## TASK PROMPT
Only one stretch of the data below is wanted: the lines from the one with "ANTIGUA FOTOGRAFIA ESTEREOSCOPICA" through the one with "Whether it's a", repeated exactly.

## DATA LISTING
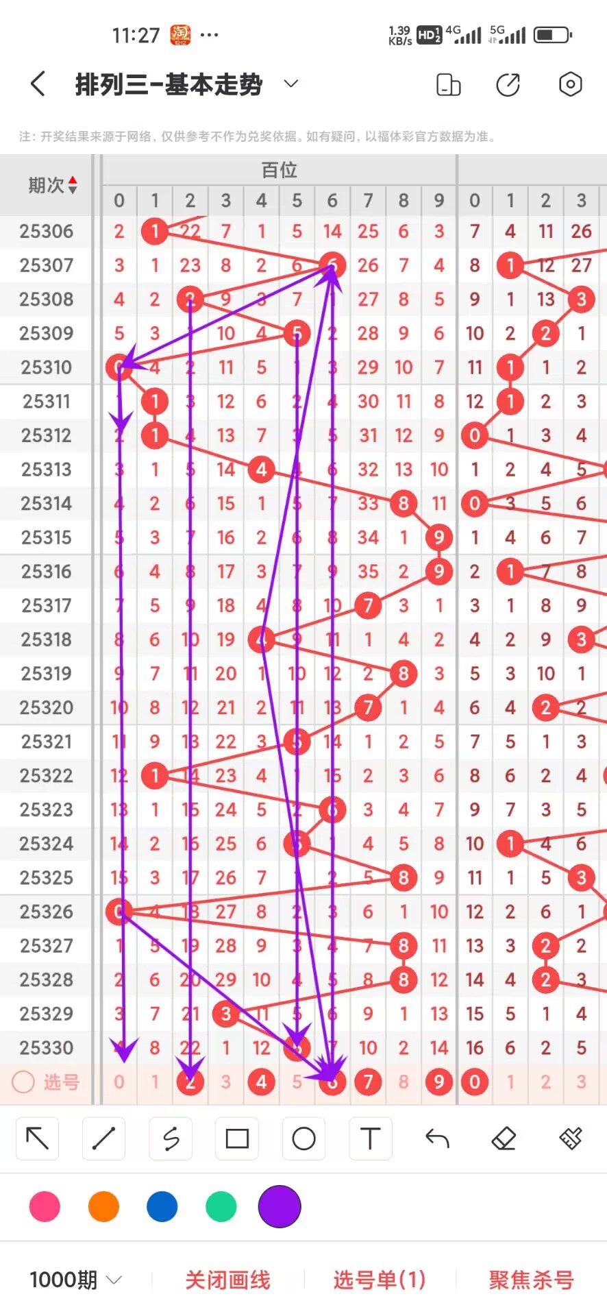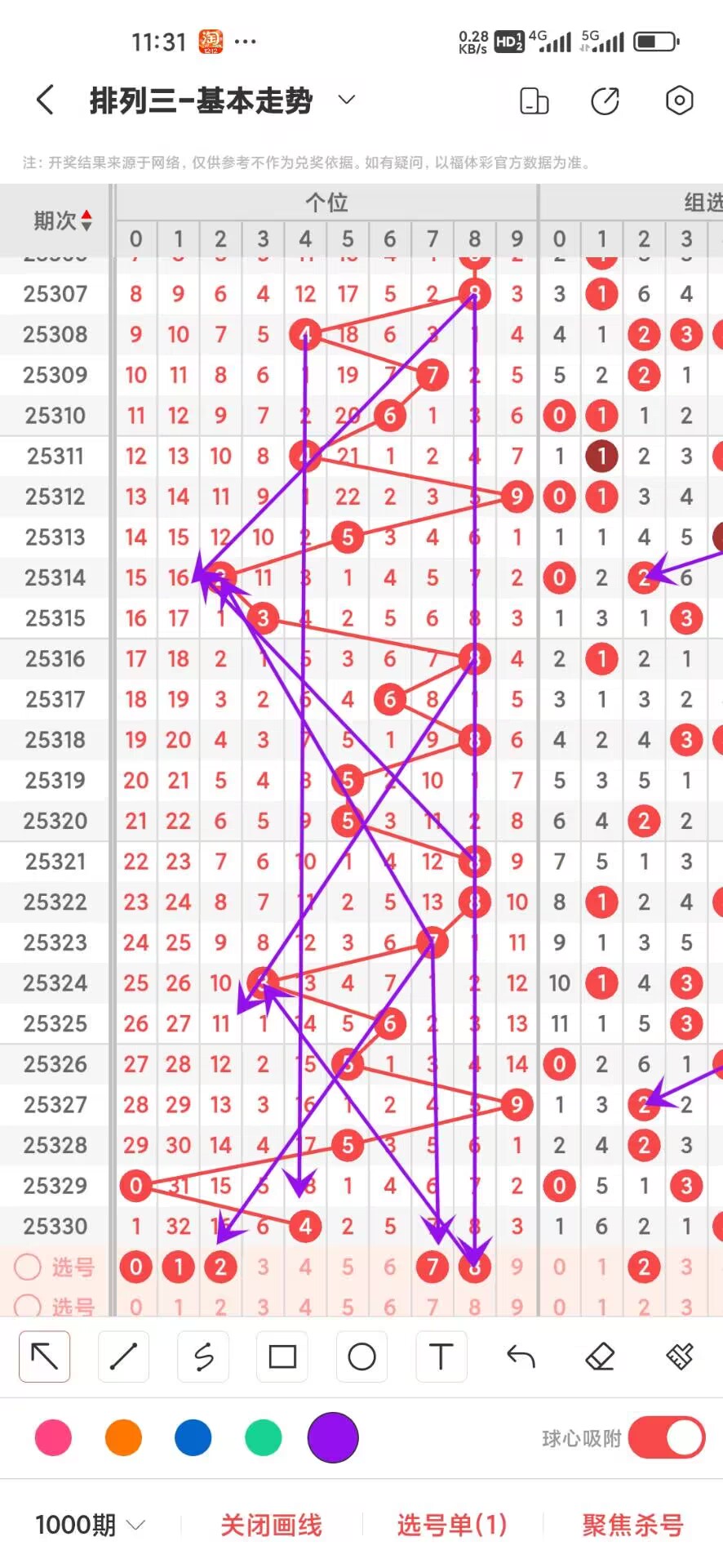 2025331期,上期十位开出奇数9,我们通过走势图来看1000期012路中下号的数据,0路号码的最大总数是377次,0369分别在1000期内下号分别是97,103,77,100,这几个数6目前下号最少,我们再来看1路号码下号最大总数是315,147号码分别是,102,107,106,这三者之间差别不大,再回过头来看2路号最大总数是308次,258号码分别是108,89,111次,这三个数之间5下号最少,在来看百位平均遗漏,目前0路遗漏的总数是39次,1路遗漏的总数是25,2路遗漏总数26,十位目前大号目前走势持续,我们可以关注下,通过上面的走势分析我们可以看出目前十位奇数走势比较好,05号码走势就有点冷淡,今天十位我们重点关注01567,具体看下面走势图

---

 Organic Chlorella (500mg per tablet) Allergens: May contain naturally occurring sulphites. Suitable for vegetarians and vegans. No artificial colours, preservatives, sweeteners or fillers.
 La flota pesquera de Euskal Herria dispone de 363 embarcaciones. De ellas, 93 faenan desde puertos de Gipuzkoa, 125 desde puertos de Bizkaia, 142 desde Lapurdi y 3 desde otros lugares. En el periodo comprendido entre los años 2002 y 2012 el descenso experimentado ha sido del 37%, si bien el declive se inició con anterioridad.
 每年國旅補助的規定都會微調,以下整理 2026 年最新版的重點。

---

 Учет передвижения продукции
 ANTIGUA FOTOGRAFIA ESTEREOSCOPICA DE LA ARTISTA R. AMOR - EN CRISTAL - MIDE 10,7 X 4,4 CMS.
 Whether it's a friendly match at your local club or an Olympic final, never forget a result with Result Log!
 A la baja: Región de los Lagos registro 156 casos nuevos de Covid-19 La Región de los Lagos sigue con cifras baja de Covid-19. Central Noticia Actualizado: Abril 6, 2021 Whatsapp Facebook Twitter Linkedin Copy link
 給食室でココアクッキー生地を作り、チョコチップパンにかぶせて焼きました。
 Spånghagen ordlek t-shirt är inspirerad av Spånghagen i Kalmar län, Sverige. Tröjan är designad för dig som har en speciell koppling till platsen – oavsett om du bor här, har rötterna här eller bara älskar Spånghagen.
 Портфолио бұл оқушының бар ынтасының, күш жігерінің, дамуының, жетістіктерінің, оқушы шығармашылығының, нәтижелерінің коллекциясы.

## RESULT OF THIS TASK
 ANTIGUA FOTOGRAFIA ESTEREOSCOPICA DE LA ARTISTA R. AMOR - EN CRISTAL - MIDE 10,7 X 4,4 CMS.
 Whether it's a friendly match at your local club or an Olympic final, never forget a result with Result Log!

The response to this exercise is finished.